Patrick Caulfield
Patrick Caulfield consistently denied that he was a Pop artist, pointing to the fact that he deliberately avoided images from contemporary culture and gave preference to standard subjects such as landscapes, interiors and still lifes: categories that are so traditional as to seem not only out of fashion but timeless. His primary inspiration, in any case, has come not from America but from Europe, to the extent that he based particular devices and compositional ideas on the work of Cubist and early modernist artists such Juan Gris, Georges Braque and Fernand Léger.
His attraction to an impersonal way of painting – a flat style like that of a sign-painter – has links with the work of another of his mentors, the Belgian Surrealist René Magritte. In spite of Caulfield’s protests, however, it is in this search for an apparent anonymity, as well as in his flirtations with Kitsch, in his witty allusions to other art and in his sophisticated play with style, that his close links with Pop Art lie. It is one of the many ironies of Caulfield’s art that it was through the very blandness and restraint of his favoured techniques, together with the familiarity and even self-conscious corniness of his characteristic images, that he developed a highly personal art capable of conveying with extreme subtlety a variety of moods and atmospheres.
In the late 1960s and early 1970s he produced the first of an extended series of large-scale canvases – many of them around three metres in height – depicting domestic or public interiors including dining rooms, restaurants, bars, offices and holiday homes. In the earliest of these he stripped down his pictorial language to the essential elements of linear drawing over a broad expanse of a single colour.

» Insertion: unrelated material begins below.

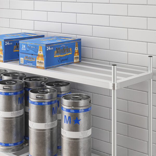Designed for use with Regency keg racks, this shelf is a perfect replacement for the top shelf on a Regency aluminum keg rack (sold separately), making for convenient adjustment that ensures this unit serves your needs at all times. It is also easy to assemble, so you can get it from the box to the storage room quickly.

By the middle of the 1970s he had begun to elaborate this basic scheme by painting some of the elements in conflicting techniques including a precisely rendered Photorealism, trompe-l’oeil illusionism and even passages of broad pseudo-Expressionist brushwork. By pitting one style against another, and by making each one subservient to the overall surface design, he retained his characteristic detachment and horror of self-revelation. The trademark black outlines that had featured in his early works were gradually dispensed with, disappearing altogether by the late 1980s. Caulfield was always a slow and exacting painter. Since the late 1960s he rarely produced more than half a dozen canvases in a single year. Since 1964, however, he also worked steadily and productively as a printmaker, always in the medium of screenprints so admirably suited to his language of flat shapes and intense colour.